Premium
Efficient 3‐D Large‐Scale Forward Modeling and Inversion of Gravitational Fields in Spherical Coordinates With Application to Lunar Mascons
Author(s) -
Zhao Guangdong,
Chen Bo,
Uieda Leonardo,
Liu Jianxin,
Kaban Mikhail K.,
Chen Longwei,
Guo Rongwen
Publication year - 2019
Publication title -
journal of geophysical research: solid earth
Language(s) - English
Resource type - Journals
SCImago Journal Rank - 1.983
H-Index - 232
eISSN - 2169-9356
pISSN - 2169-9313
DOI - 10.1029/2019jb017691
Subject(s) - computation , discretization , gravitational field , gaussian quadrature , algorithm , inversion (geology) , jacobian matrix and determinant , gravitation , mathematics , geodesy , computer science , geometry , physics , mathematical analysis , geology , classical mechanics , integral equation , nyström method , paleontology , structural basin
An efficient forward modeling algorithm for calculation of gravitational fields in spherical coordinates is developed for 3‐D large‐scale gravity inversion problems.

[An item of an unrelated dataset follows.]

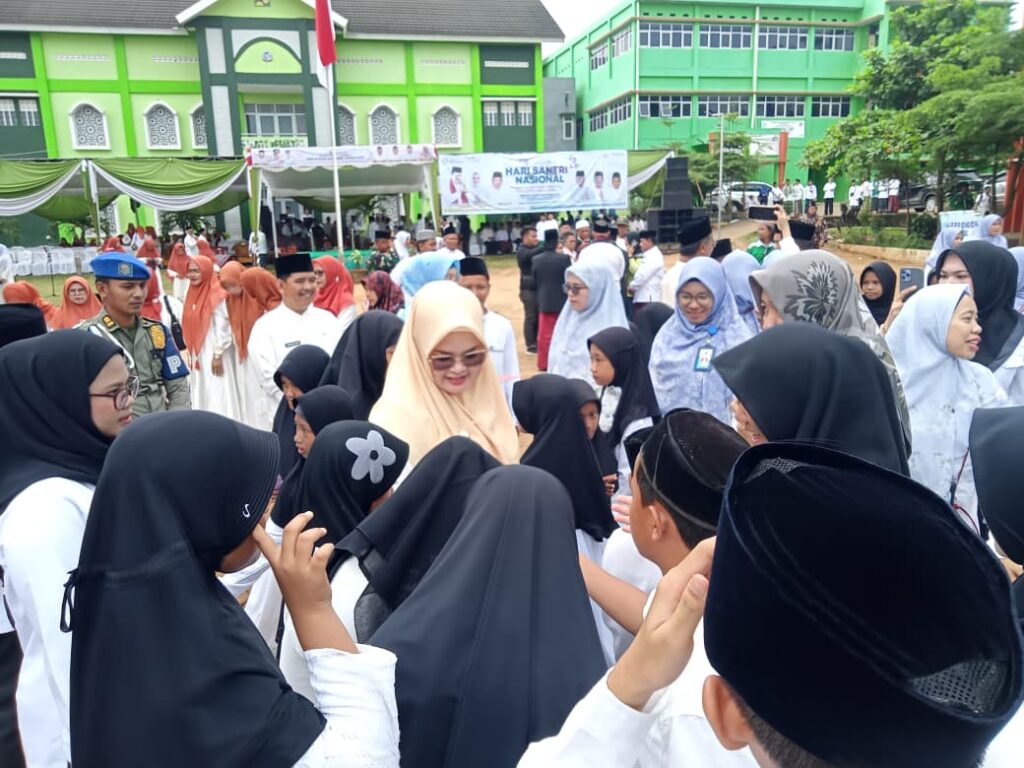Talang Kelapa — Dalam rangka memperingati Hari Santri Nasional Kabupaten Banyuasin, Wakil Bupati Banyuasin, Netta Indian, SP menghadiri dan menjadi Pembina Upacara Hari Santri Nasional digelar di Ponpes Nurul Ilmi Kelurahan Sukamoro, Kecamatan Talang Kelapa, Kabupaten Banyuasin.

The 3‐D Gauss‐Legendre quadrature (GLQ) is used to calculate the gravitational fields of mass distributions discretized into tesseroids. Equivalence relations in the kernel matrix of the forward modeling are exploited to decrease storage and computation time. The numerical tests demonstrate that the computation time of the proposed algorithm is reduced by approximately 2 orders of magnitude, and the memory requirement is reduced by N ′ λ times compared with the traditional GLQ method, where N ′ λ is the number of the model elements in the longitudinal direction. These significant improvements in computational efficiency and storage make it possible to calculate and store the dense Jacobian matrix in 3‐D large‐scale gravity inversions. The equivalence relations can be applied to the Taylor series method or combined with the adaptive discretization to ensure high accuracy. To further illustrate the capability of the algorithm, we present a regional synthetic example. The inverted results show density distributions consistent with the actual model. The computation took about 6.3 hr and 0.88 GB of memory compared with about a dozen days and 245.86 GB for the traditional 3‐D GLQ method. Finally, the proposed algorithm is applied to the gravity field derived from the latest lunar gravity model GL1500E. Three‐dimensional density distributions of the Imbrium and Serenitatis basins are obtained, and high‐density bodies are found at the depths 10–60 km, likely indicating a significant uplift of the high‐density mantle beneath the two mascon basins.